Tag Archives: Mufi Hannemann

Cayetano questions city rail contracts, plus more on mayor’s plan to raid the Clean Water & Natural Lands Fund

Good story by Sean Hao in today’s Advertiser concerning a complaint about procurement practices at the city filed on behalf of former Gov. Ben Cayetano and others.

If you’re interested in reading more, here’s the link to the pending complaint, which once again wasn’t included in the story.

Political note: Gov. Cayetano and his wife are backing Ed Case in the 1st Congressional race, and hosted an April 27 fundraiser for Case at the Mandalay Restaurant.

Here’s a little follow-up to the recent entry concerning Mayor Hannemann’s plan to divert money from the Clean Water and Natural Lands Fund into the city’s rail project.

An April 16, 2010 letter from attorney Bruce L. Lamon to the director of Honolulu’s Department of Planning and Permitting alerted me to the fact that the city is pretty far down the path of raiding the Clean Water fund.

Lamon, representing Leeward Land Company, Ltd., takes issue with a city application to add a park onto the Waianae Public Infrastructure Map. Land for the proposed Waianae Regional Park would, according to the city’s application, be purchased using the $3 million from the CWNL Fund that is included in the pending city budget. Leeward is the owner of the land at issue.

Lamon’s letter addresses several policy and legal issues, including the CWNL Fund use restrictions of the City Charter and implementing ordinance:

Use of money from the Clean Water and Natural Lands Fund (“Fund”) would be bad public policy, usurp the proper role of the City Council in prioritizing expenditures from the Fund and illegal.

The letter addresses the questionable legality of using the Clean Water and Natural Lands Fund for this purpose, beginning at the top of page 4 and continuing to page 5.

The [Clean Water and Natural Lands] Commission has labored admirably to develop objective ranking criteria, to facilitate public input and access to its deliberations and to “create a public process that sets a bar of excellence for how this new fund is used for the benefit of the City and all of its citizens.” By proposing this PIM revision with the intent to finance acquisition from the Fund, the Department is not only proposing to violate the law and bypass the Council’s control over the disposition of the Fund, but to circumvent the Commission and make a mockery of its efforts and proceedings, and of all those who in good faith have submitted funding applications and helped evaluate them.

Of course, the landowner has its own interests in this situation, but its assessment of the legal issues surrounding use of the CWNL Fund reinforces the analysis presented here.

What happened to the light rail alternative to Honolulu’s transit plan?

Thanks to RLB for returning to the issue of the city’s examination of alternatives in a comment a couple of days ago. He wrote, in part:

I don’t pretend to understand the ins & outs of the Environmental Impact Statement planning and implementation, but I don’t see how your statements are supported by publicly available documents.

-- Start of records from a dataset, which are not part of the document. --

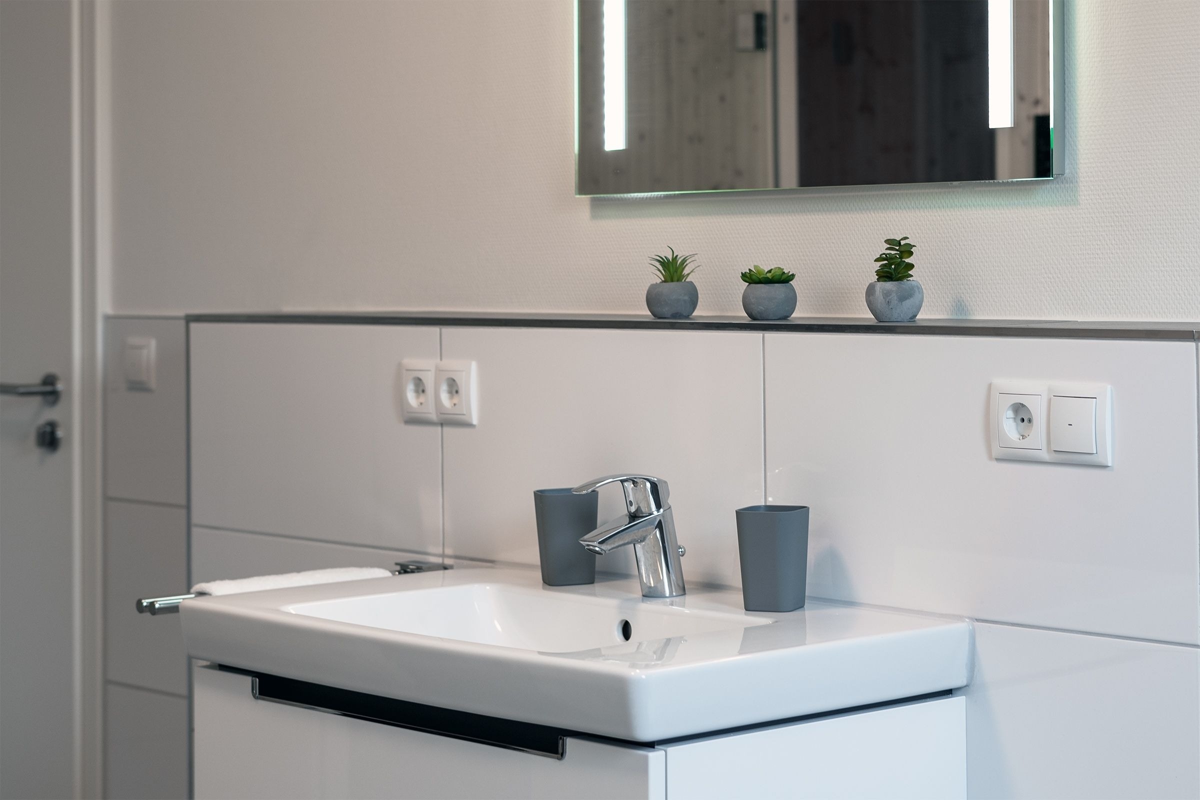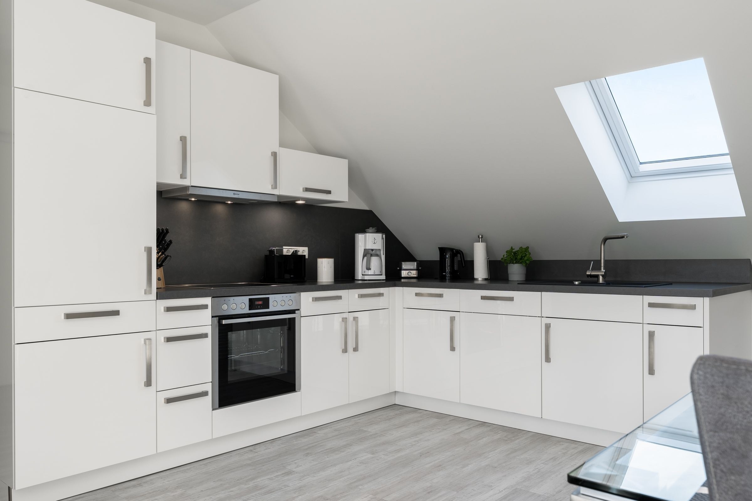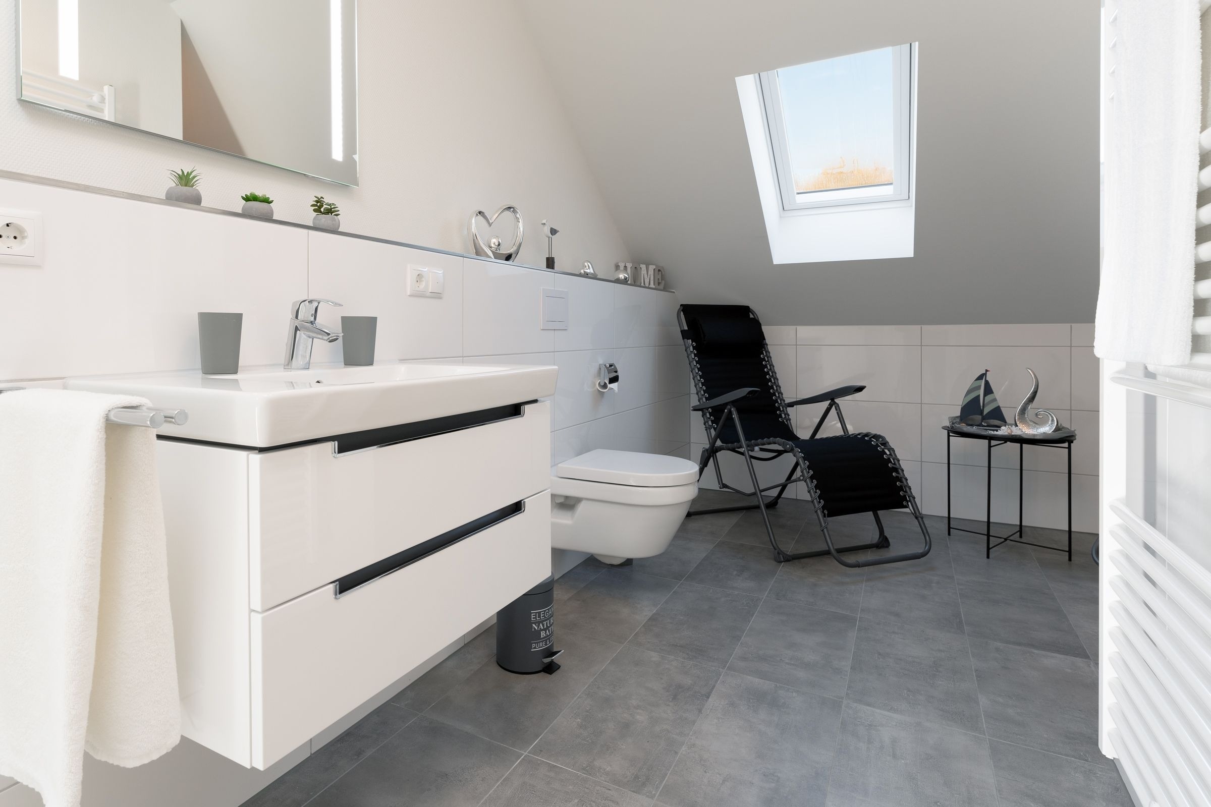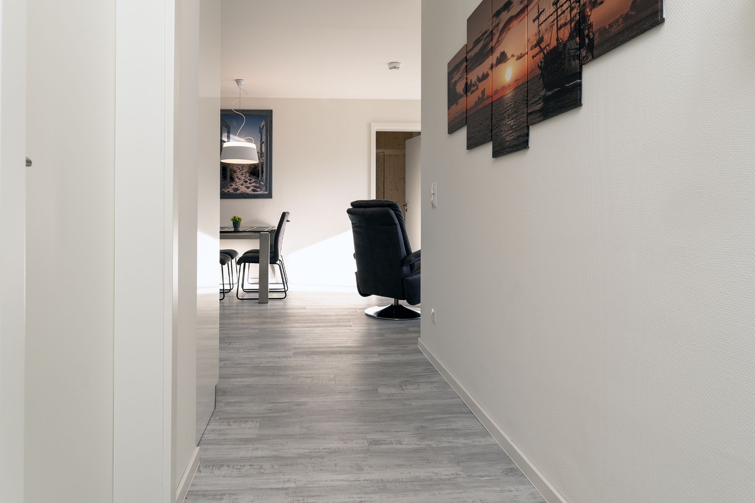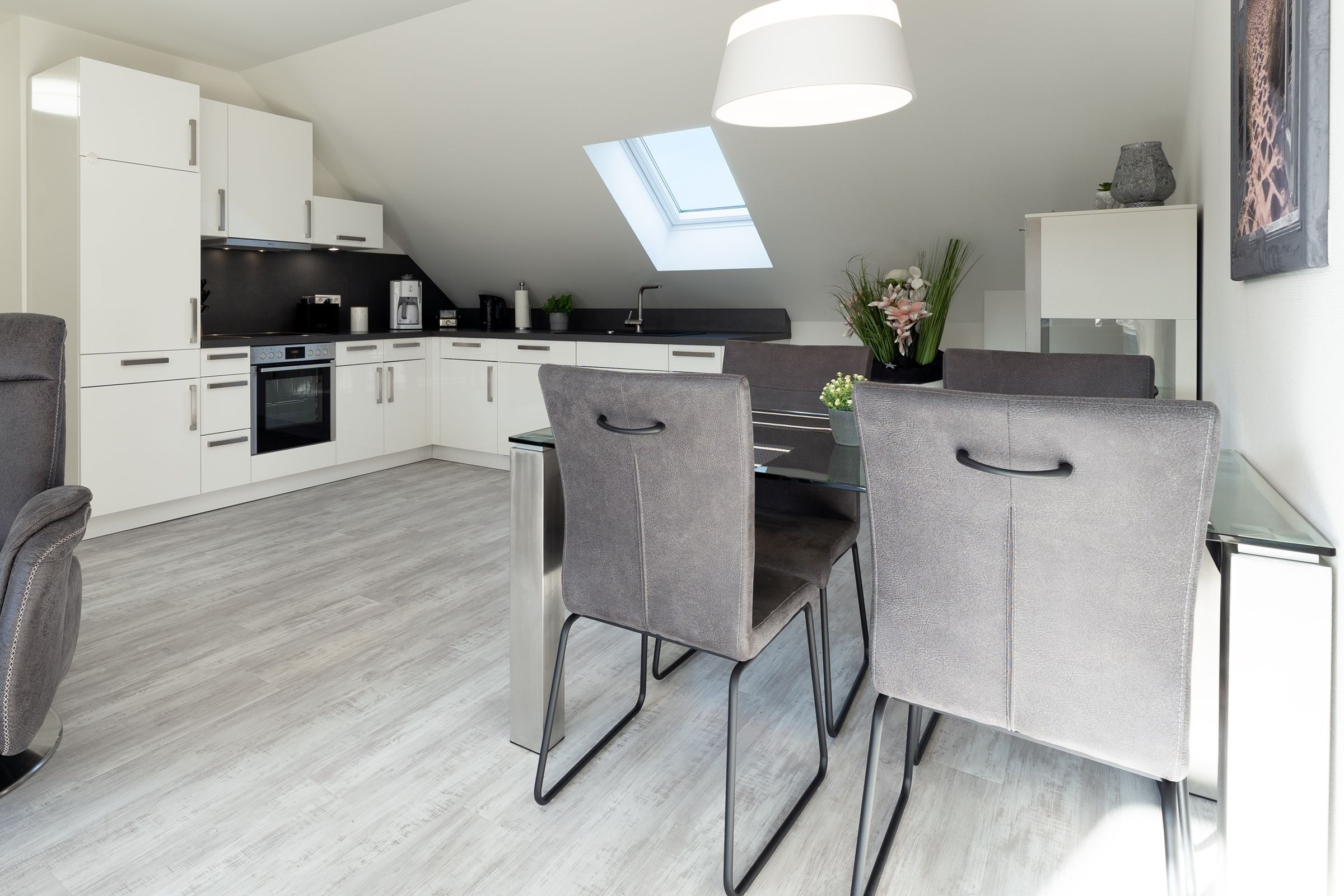 Das Herzstück dieser Wohnung bildet das Wohnzimmer mit Schlafsofa (130x200cm) und offener Küche, welche zum Verweilen und gemeinsamen Kochen einlädt. Von dort gelangen Sie auf den Balkon mit Südausrichtung, der mit Sonnenschirm und Balkonmöbeln ausgestattet ist. Für die Erholung im Urlaub gibt es ein separates Schlafzimmer, das sich mit Jalousien abdunkeln lässt, und mit eigenem TV und Boxspringbett (2x 90x200cm) überzeugt. Das Tageslichtbad verfügt über eine bodengleiche Dusche und Annehmlichkeiten wie einen Haartrockner und eine Handtuchheizung, damit es Ihnen an nichts fehlt, wenn Sie aus der eigenen Sauna kommen. Als weitere Besonderheit verfügt die gesamte Wohnung über eine angenehme Fußbodenheizung. Kostenfreies WLAN und ein Internetradio stehen hier zur Verfügung.
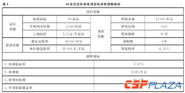 目前塔式技術是最為成熟的光熱發電技術。以該技術為例,若項目位于青海等光照條件較為優越的地區,單位千瓦造價控制在20000^30000元,上網電價確定為1.2元/千瓦時,則項目能夠依托自身現金流實現商業化運營。具有代表性的10兆瓦塔式項目模擬測算指標如下表所示。
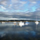 Por la noche, las vistas al puerto de Aberdyfi salen después de un día de lluvia.
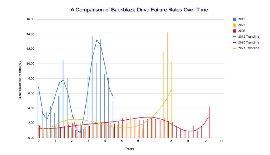 被暱稱為 B2 的 Backblaze ,他們家的報告之所以極具價值,在於其資料的龐大規模與透明度。這次該公司比較了 2013 年、2021 年以及 2025 年(截至 Q2)的硬碟年化故障率(AFR)數據,結果令人驚訝:
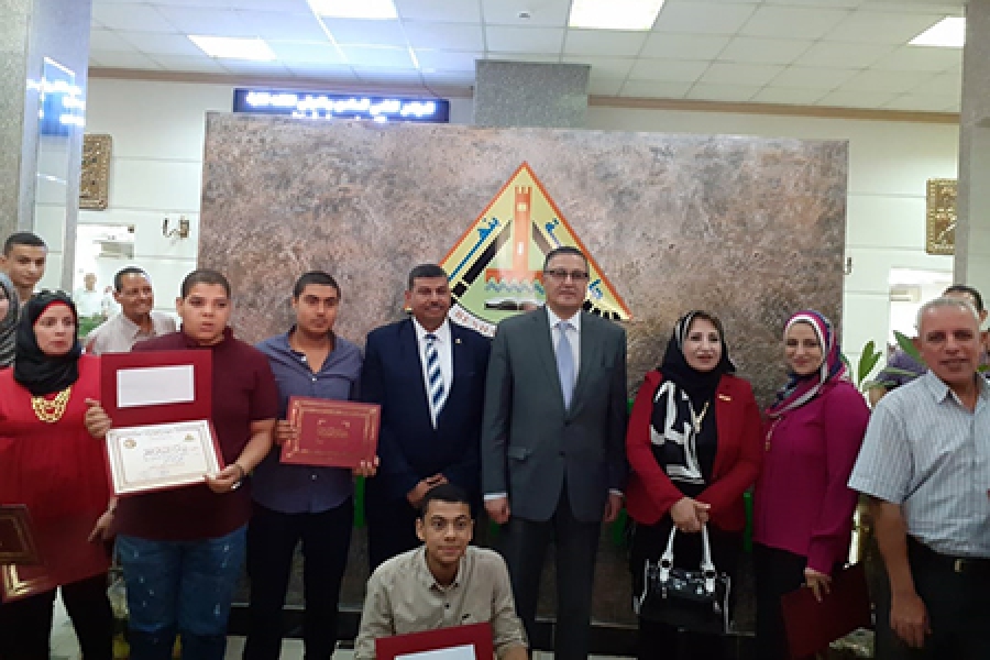 وفى نهاية الاحتفالية كرم رئيس الجامعة الطلاب المتفوقين من الحاصلين على الشهاده الاعداديه والشهاده الثانويه من ابناء العاملين وحملة الماجستير والدكتوراه من العاملين بالجامعة وتسليهم شهادات التقدير.
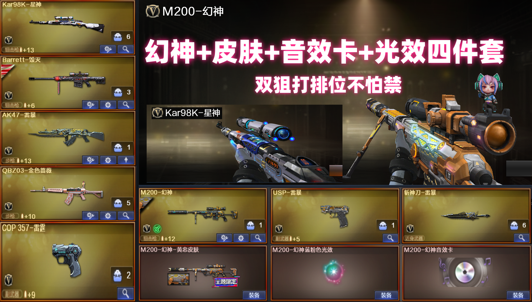 113V❥双全装⚡M200-幻神音效卡幻神皮肤三件套⚡98K星神USP雷暴⚡金色蔷薇✅生化6烈➕蝴蝶
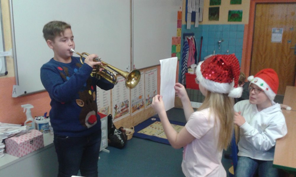 V pátek to bylo hezký. Spolužáci zahráli na nástroje a potom jsme si rozdali dárky. Pak jsme hráli hry a poslouchali Ewu Farnou – píseň Vánoce na míru. Nejvíc mě potěšil dárek od Karolínky, protože mi dala kasičku ve tvaru prasátka.
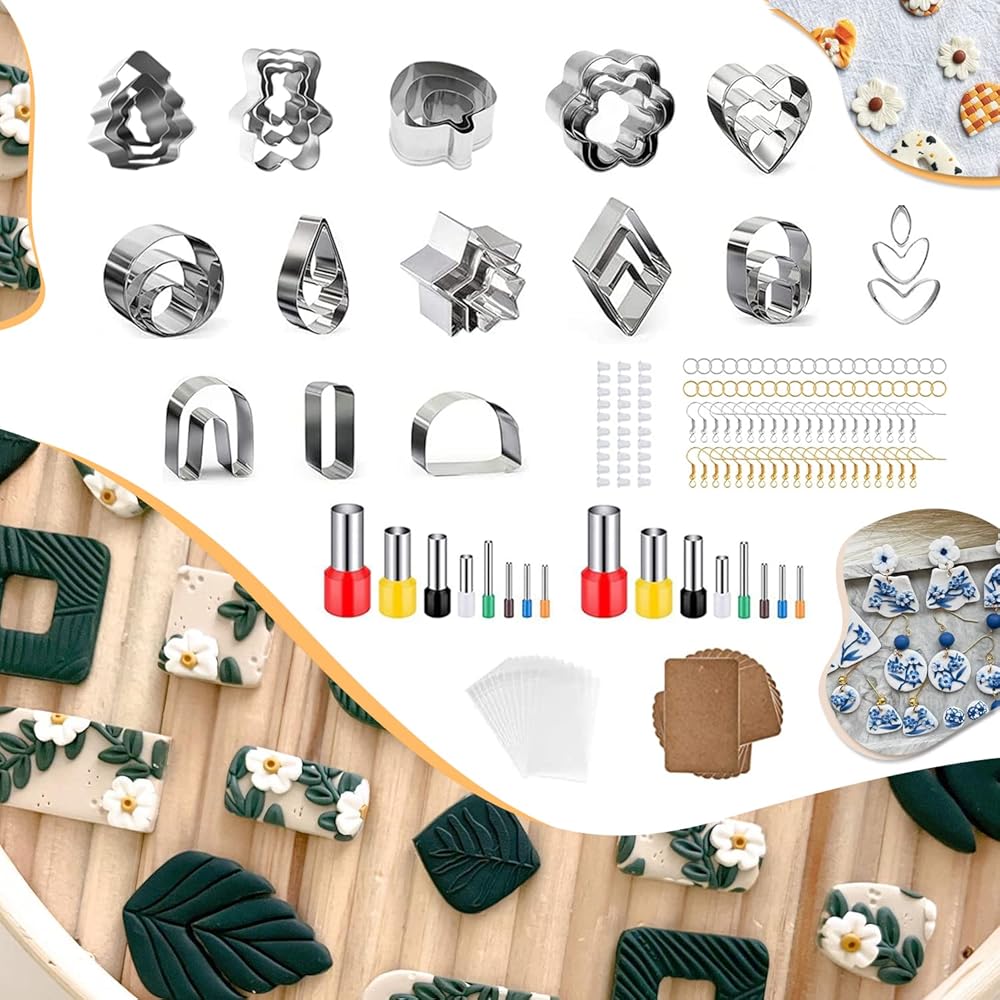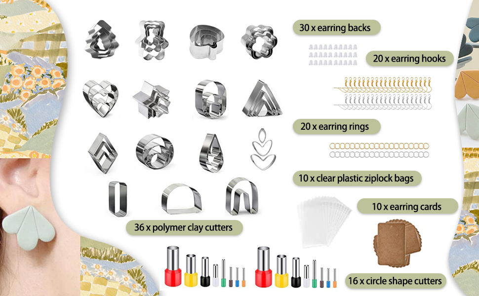 🥰◇Multiple Unique Shapes◇Houfamse polymer clay cutters set include 36pcs shape Stainless Steel clay cutters, 16pcs circle shape cutters, 20pcs golden & silvery earring hooks, 30pcs earring backs, 30pcs golden & silvery earring rings, 10 earring cards, and 10 clear plastic ziplock bags.

For example, in the City’s Alternatives Analysis, Chapter 2 has a section called “Alternatives Considered.” It says:

“The alternatives considered during screening included a No Build Alternative, a Transportation System Management Alternative, and a number of ‘build’ alternatives.Transit technologies that were examined included conventional bus, guided bus, LIGHT RAIL TRANSIT [emphasis mine], personal rapid transit, people mover, monorail, magnetic levitation, rapid rail,”

I appreciate the reference back to source documents, and I think RLB is right in saying that it is hard to understand how the light rail alternative could not have been evaluated. So let’s take a closer look.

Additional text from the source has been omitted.